Gag me with an oil derrick.
BTW, I agree with Jim Devine that the pollution
issue vis a vis fossil fuels is a bigger problem than
any looming absolute scarcity of said items.
Barkley Rosser
-----Original Message-----
From: Lisa & Ian Murray <seamus@xxxxxxxxxxxxx>
To: pen-l@xxxxxxxxxxxxxxxxxxx <pen-l@xxxxxxxxxxxxxxxxxxx>
Date: Thursday, November 16, 2000 4:59 PM
>Subject: [PEN-L:4507] RE: Re: RE: Re: Oil & Socialism
>
>
> IMO, total nonsense.
>
> norm
>
>***************
>
>Well I shudder to learn what you think of this great prediction, then...
>
>"If present trends continue, the world in 2000 will be less crowded (though
>more populated), less polluted, more stable ecologically, and less
>vulnerable to resource-supply disruption than the world we live in now.
>Stresses involving population, resources, and the environment will be less
>in the future than now...The worlds people will be richer in most ways than
>they are today...[and] life for most people on earth will be less
precarious
>economically than it is now." [Julian Simon & Herman Kahn, 1984]
>
>
>It seems that the tougher question is one of whether or not we can produce
>the knowledge needed to tap energy in ways that are ecologically benign,
not
>just for ourselves, but for beings like the phytoplankton, the frogs, the
>birds etc. The issue of sources and sinks will not go away irrespective of
>whatever forces and relations of production obtain in the future.

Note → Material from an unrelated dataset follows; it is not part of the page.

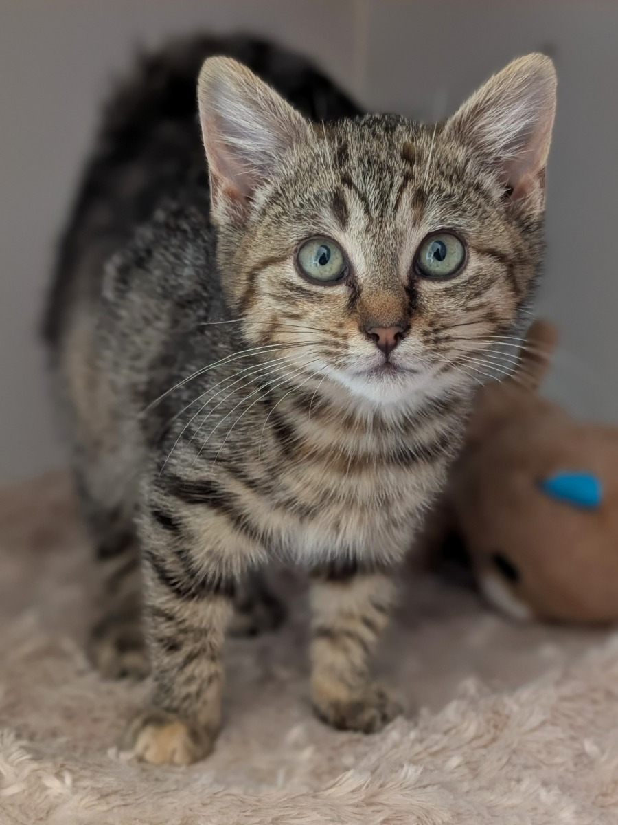 If you're looking for a kitten who's affectionate, calm, and surely ready to blossom into a loving feline friend, Blip is well on her way to becoming the cherished member of a family who can shower her with love and attention. She's ready to continue her journey of growth and exploration alongside someone who treasures her charming company.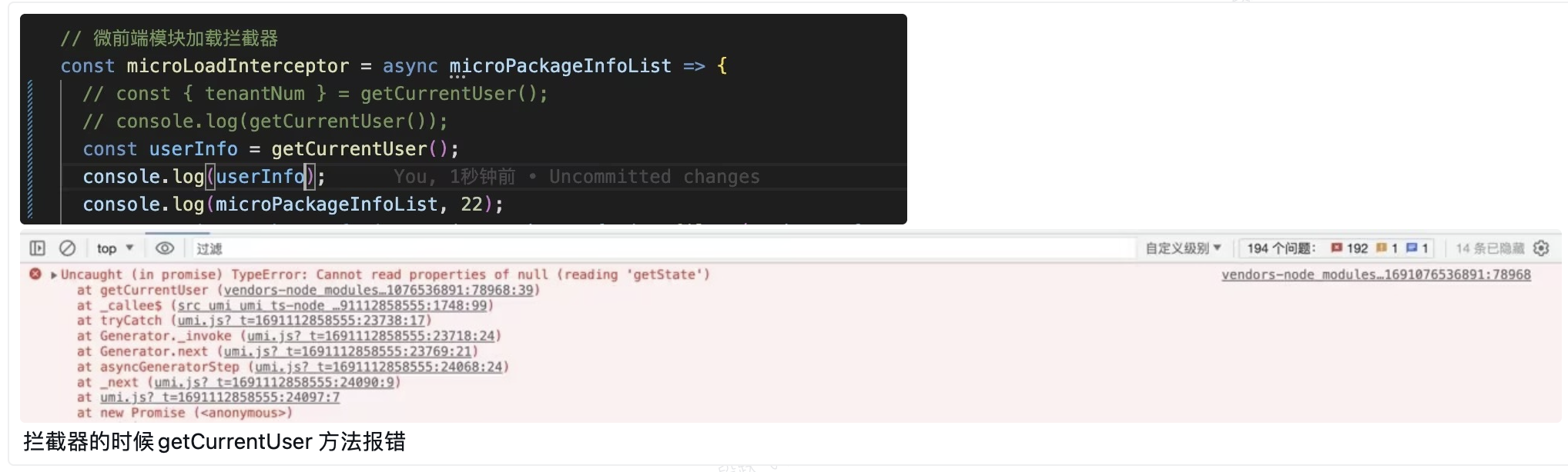 场景:app.tsx 中配置微前端拦截器 调用getCurrentUser获取租户信息时候报错

>Additionally, another looming question is the relationship of knowledge
>production and distribution to democratic systems of governance [which is
>totally anemic at this point in history]. The concentration of
>knowledge/power in the hands of the few who then treat the majority with
>disdain and contempt when they attempt to hold the "experts" accountable
for
>their errors, is every bit as dangerous as the concentration of wealth;
>indeed the two go hand in hand, as does the current cultural allergy to the
>very idea of accountability. We see this in both the current election
fiasco
>and the debate on global warming.
>
>
>Published on Thursday, November 16, 2000 in the Guardian of London
>The Great Climate Sell-Off
>by George Monbiot
>
>The privatisation of Britain's air traffic control systems is rather like
>the Millennium Dome. First the government backs it, then it tries to figure
>out what on earth it is for. Ministers' attempts to explain the
inexplicable
>have not been helped by an unequivocal promise the Labour party made in
>opposition: "Our skies," it announced, "are not for sale."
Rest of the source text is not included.